Prof. Lori Cole: The Magazine as Museum: Surrealist Experiments in Chile


  • 2.30pm GMT

  • Online

Abstract: On June 28, 1943 in Santiago de Chile a group of artists organized a “Surrealist soirée,” and documented the event in the magazine Leit Motiv. The photograph in many ways amplified and prolonged the existence of the show, which itself served as a bridge between publications, exhibitions, and polemical texts that the artists deemed “Surrealist experiments.” Across the Americas at this time, editors explored various ways magazines could supplement or supplant exhibitions, circulating artwork to larger audiences. My talk will outline the magazine’s different intersections with the reproduction and display of art, with a focus on these Surrealist experiments in Chile, to underscore the fluidity between editorial, artistic, and curatorial practices in the Americas in the early twentieth century.
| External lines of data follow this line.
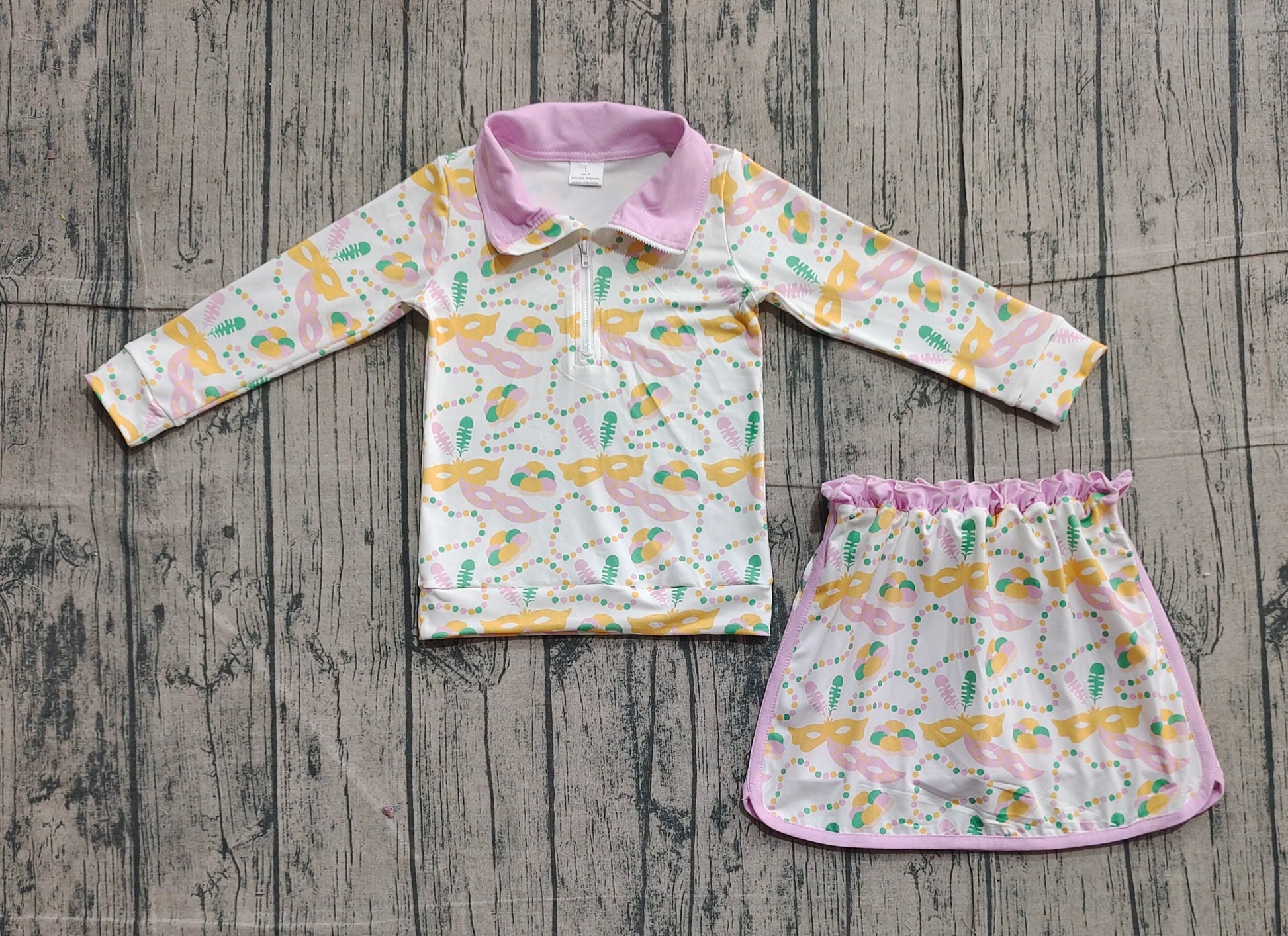 Baby Girls Donuts Masks Zipper Pullover Ruffle Skorts Mardigras Clothes Sets Preorder
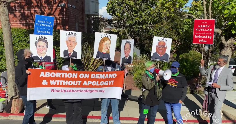 “We’re here because Nancy Pelosi and the whole leadership of the Democratic Party has been complicit, complicit with the fascist Republican Party that wants to not only eliminate abortion rights, but gay marriage, trans rights, and a whole slew of rights,” a protester shouted using a bullhorn.
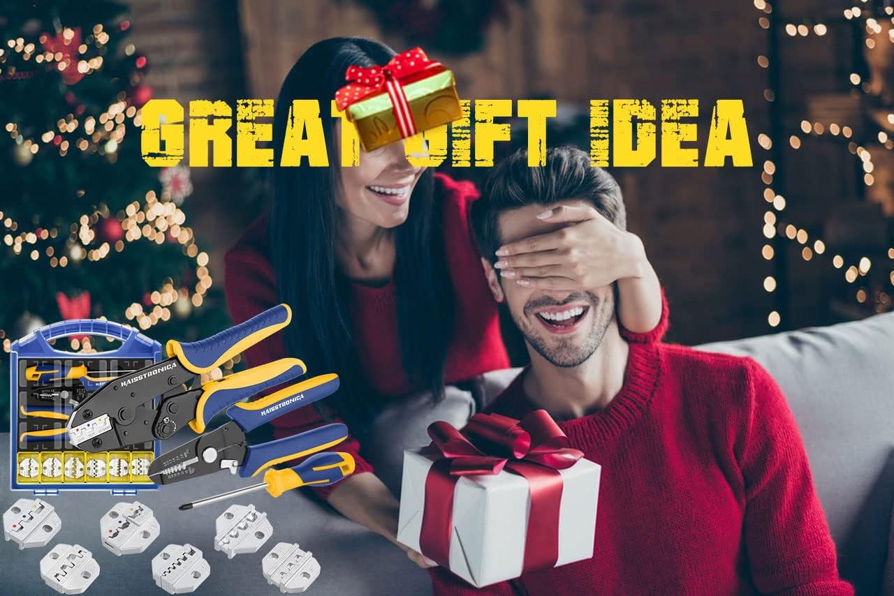haisstronica Crimping Tool Set - 6PCS Crimping Die for Heat Shrink,Insulated Nylon,Non-Insulated,Ferrule Wire End,Open Barrel Terminals,Solar Connectors - with Wire Stripper Tool and Screwdriver

Bio: Lori Cole is Clinical Associate Professor and Associate Director of the interdisciplinary master’s program XE: Experimental Humanities & Social Engagement at New York University. She has written extensively on the intersection of art and magazines, most recently for the exhibition “Surrealism Beyond Borders” at the Metropolitan Museum of Art. She is the author of Surveying the Avant-Garde: Questions on Modernism, Art, and the Americas in Transatlantic Magazines (Penn State University Press, 2018).